INSTRUCTIONS FOR THE TASK – Repeat the data verbatim, images excluded.

SUPPLIED MATERIAL –
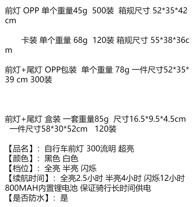 カラー 黒のオップ,黒いバブルパッケージ,ブラックヘッドライト + テールライトopp,ブラックヘッドライト + テールライト箱入り
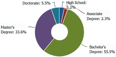 The most common education level was a Bachelor’s degree at 56%:
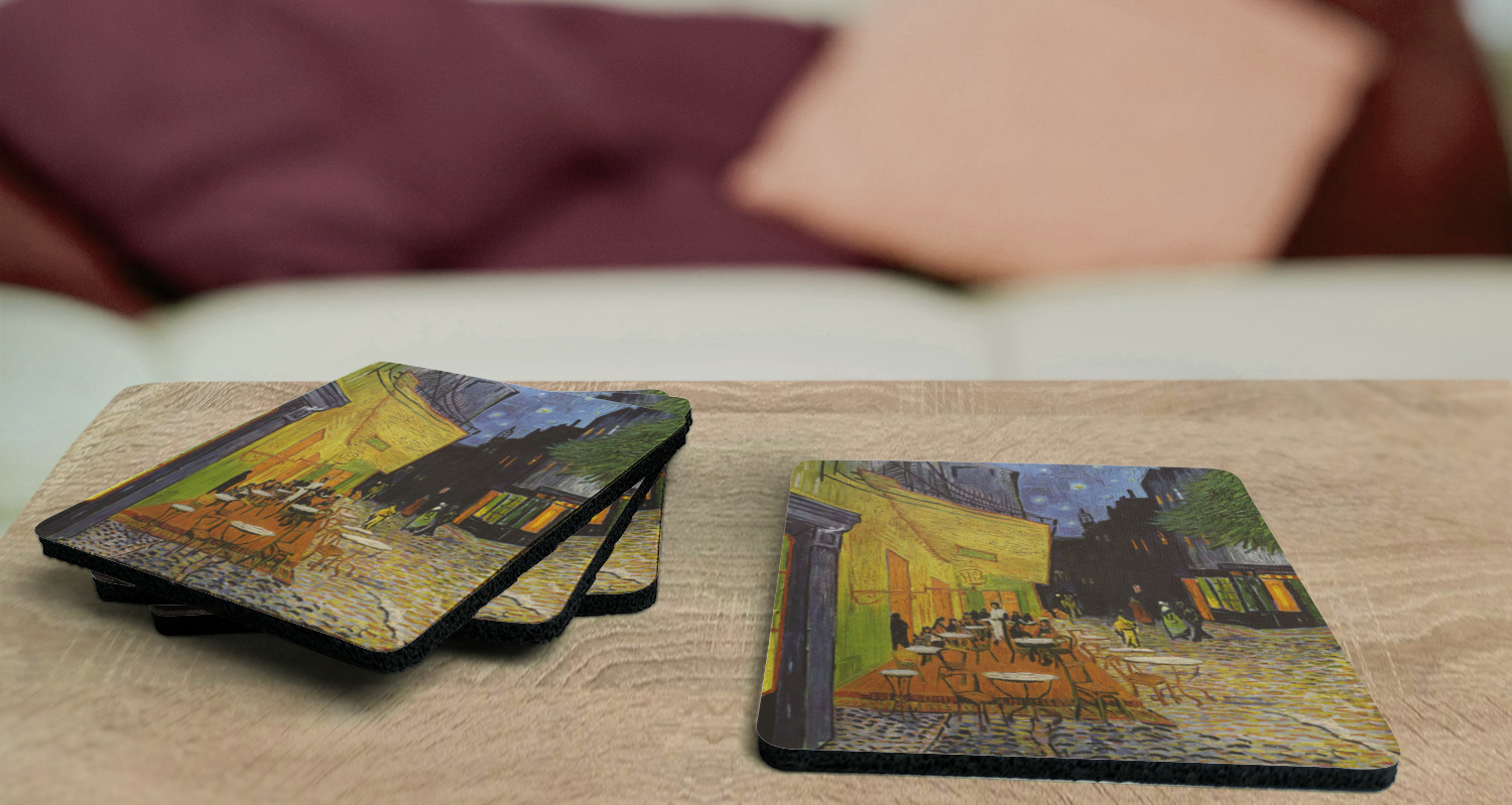 These drink coasters have a smooth, polyester top and a textured, rubber backing on its bottom. The non-slip rubber backing underneath works to keep any spills at bay. At 4 by 4 by 0.25 inches thick, these custom coasters are a suitable size for most drinkware. Your personalization is displayed atop the face of the cup coaster. We sell these rubber coasters in two different shapes: square and round. You can buy each shape as singulars or as a set of 4.
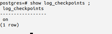 | Ensure ‘log_checkpoints’ is enabled | off | on |
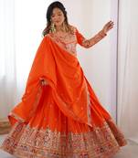 Orange Coding Dori With Sequin Embroidery Silk Lehenga Choli
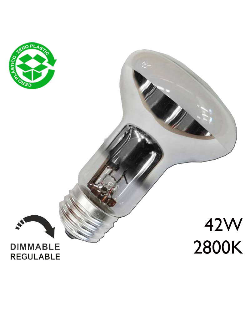 Clear reflector halogen bulb R90 42W with E27 thread. 2800K warm light. Dimmable and energy saving. Diameter: 90mm.
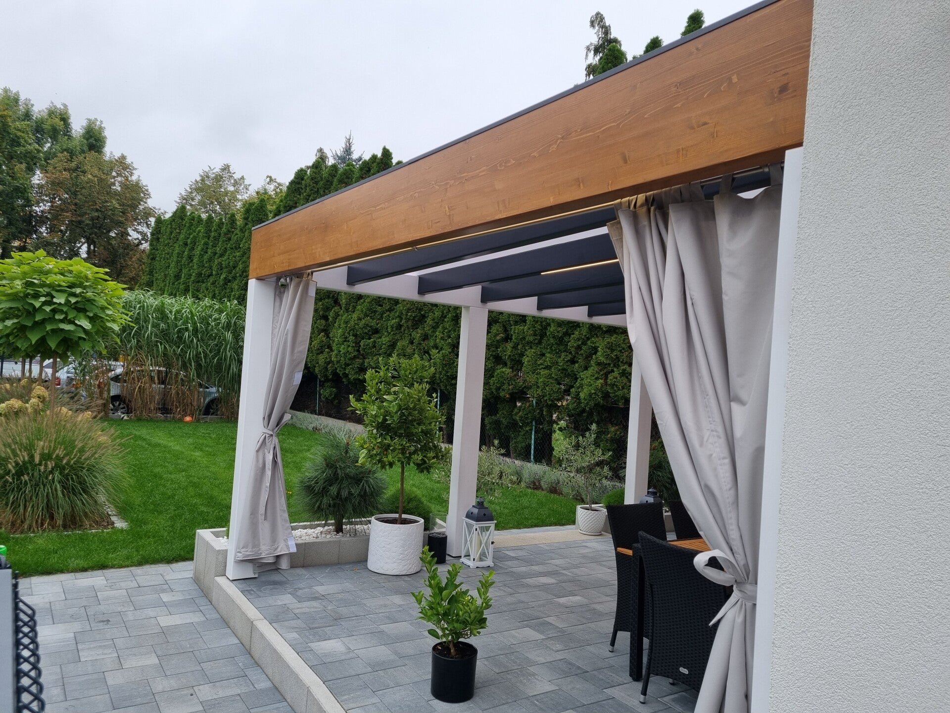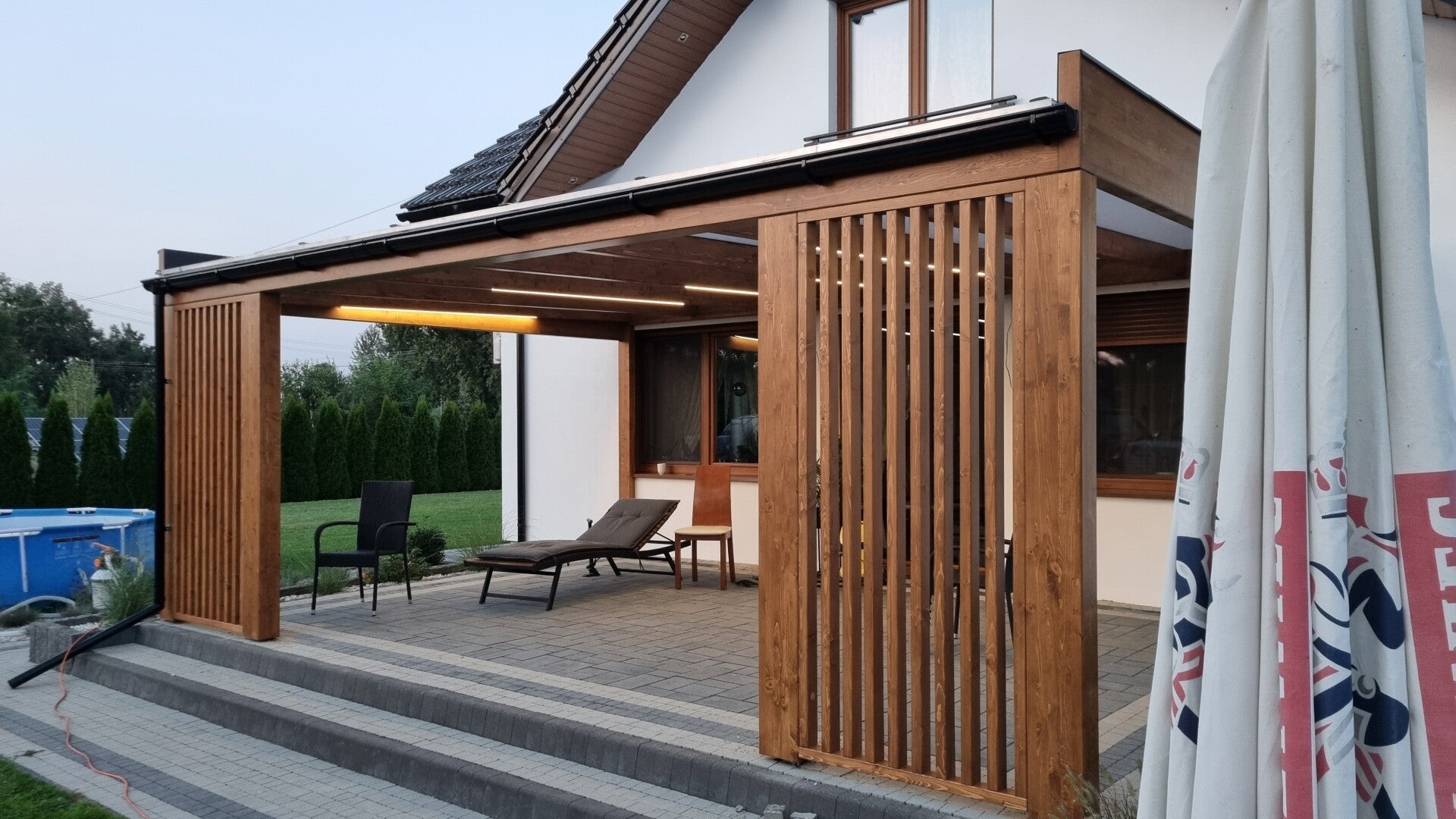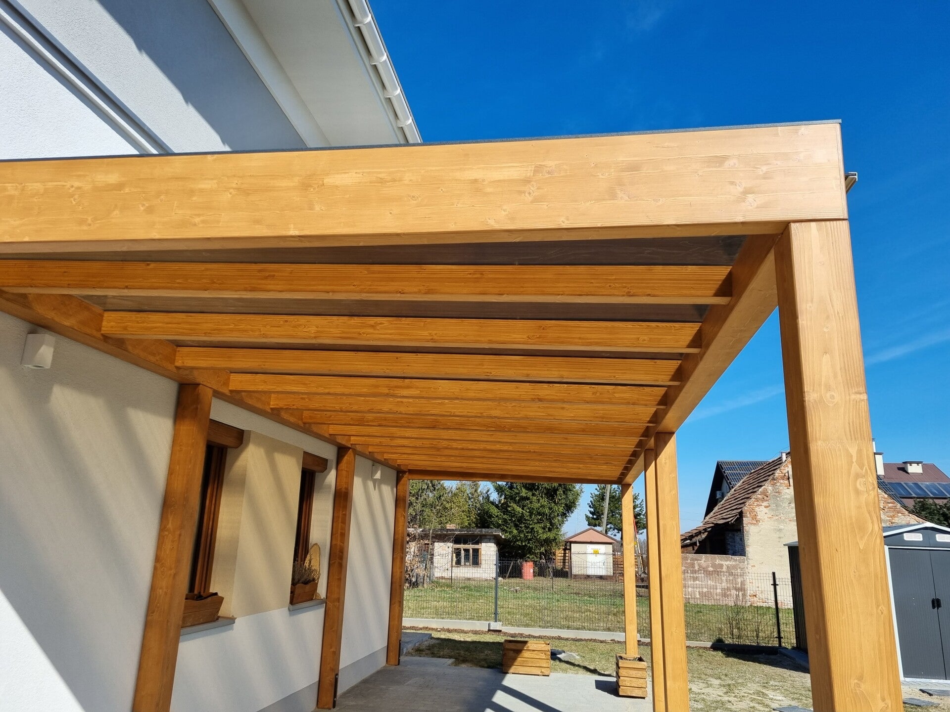W M&S zadaszenia tarasowe z dumą prezentujemy nasze ukończone projekty, które są świadectwem naszego zaangażowania w jakość i innowacyjność. Każda realizacja to połączenie solidnego drewna klejonego BSH, estetycznych grubych belek, nowoczesnego oświetlenia LED oraz funkcjonalnych rozwiązań takich jak rolety, shuttersy czy zabudowa aluminiowa. Kładziemy nacisk na minimalistyczny styl, by Twoja przestrzeń zyskała bezpieczeństwo i komfort, na który zasługujesz.
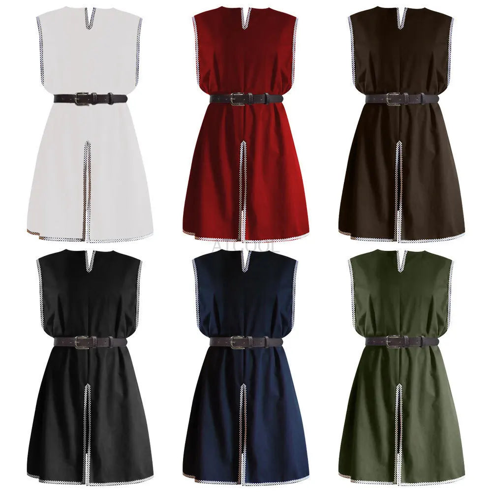 Men's Medieval SleevelessTunic Top Viking Norman Warriors Jerkin Costume Larp Outfit Long Shirt Vest Halloween For Adult
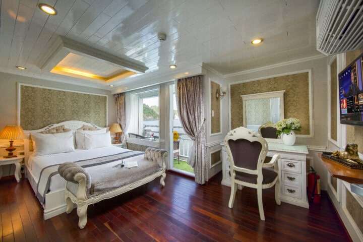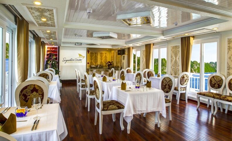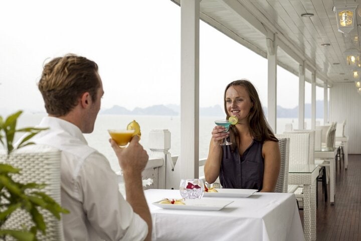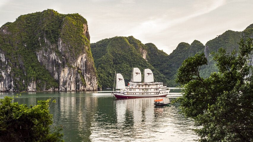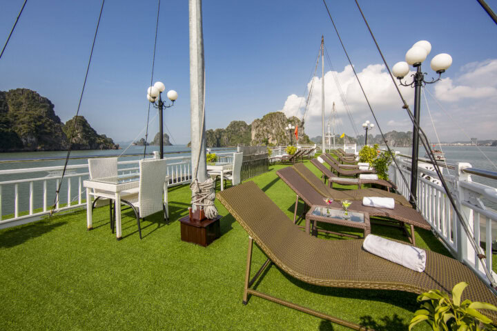 The Halong Bay Cruise is an elegant ship designed to make her way through the limestone islands and inlets of Halong Bay. This 40-passenger vessel has a 2 to 1 passenger to crew ratio, 12 spacious cabins, and three decks. Cabins feature hand-crafted wooden desks and wardrobes, remote-controlled AC, and private Jacuzzi bathtubs. Relax on one of the ship's sun terraces—the Rooftop Sun Terrace is a guest favorite, or have a drink at the bar beneath the sway of the ship's sails. The restaurant serves fresh seafood, Vietnamese, and international cuisine with lively Asian flavors.

RESULT FOR THIS TASK –
 カラー 黒のオップ,黒いバブルパッケージ,ブラックヘッドライト + テールライトopp,ブラックヘッドライト + テールライト箱入り
 The most common education level was a Bachelor’s degree at 56%:
 These drink coasters have a smooth, polyester top and a textured, rubber backing on its bottom. The non-slip rubber backing underneath works to keep any spills at bay. At 4 by 4 by 0.25 inches thick, these custom coasters are a suitable size for most drinkware. Your personalization is displayed atop the face of the cup coaster. We sell these rubber coasters in two different shapes: square and round. You can buy each shape as singulars or as a set of 4.
 | Ensure ‘log_checkpoints’ is enabled | off | on |
 Orange Coding Dori With Sequin Embroidery Silk Lehenga Choli
 Clear reflector halogen bulb R90 42W with E27 thread. 2800K warm light. Dimmable and energy saving. Diameter: 90mm.
W M&S zadaszenia tarasowe z dumą prezentujemy nasze ukończone projekty, które są świadectwem naszego zaangażowania w jakość i innowacyjność. Każda realizacja to połączenie solidnego drewna klejonego BSH, estetycznych grubych belek, nowoczesnego oświetlenia LED oraz funkcjonalnych rozwiązań takich jak rolety, shuttersy czy zabudowa aluminiowa. Kładziemy nacisk na minimalistyczny styl, by Twoja przestrzeń zyskała bezpieczeństwo i komfort, na który zasługujesz.
 Men's Medieval SleevelessTunic Top Viking Norman Warriors Jerkin Costume Larp Outfit Long Shirt Vest Halloween For Adult
 The Halong Bay Cruise is an elegant ship designed to make her way through the limestone islands and inlets of Halong Bay. This 40-passenger vessel has a 2 to 1 passenger to crew ratio, 12 spacious cabins, and three decks. Cabins feature hand-crafted wooden desks and wardrobes, remote-controlled AC, and private Jacuzzi bathtubs. Relax on one of the ship's sun terraces—the Rooftop Sun Terrace is a guest favorite, or have a drink at the bar beneath the sway of the ship's sails. The restaurant serves fresh seafood, Vietnamese, and international cuisine with lively Asian flavors.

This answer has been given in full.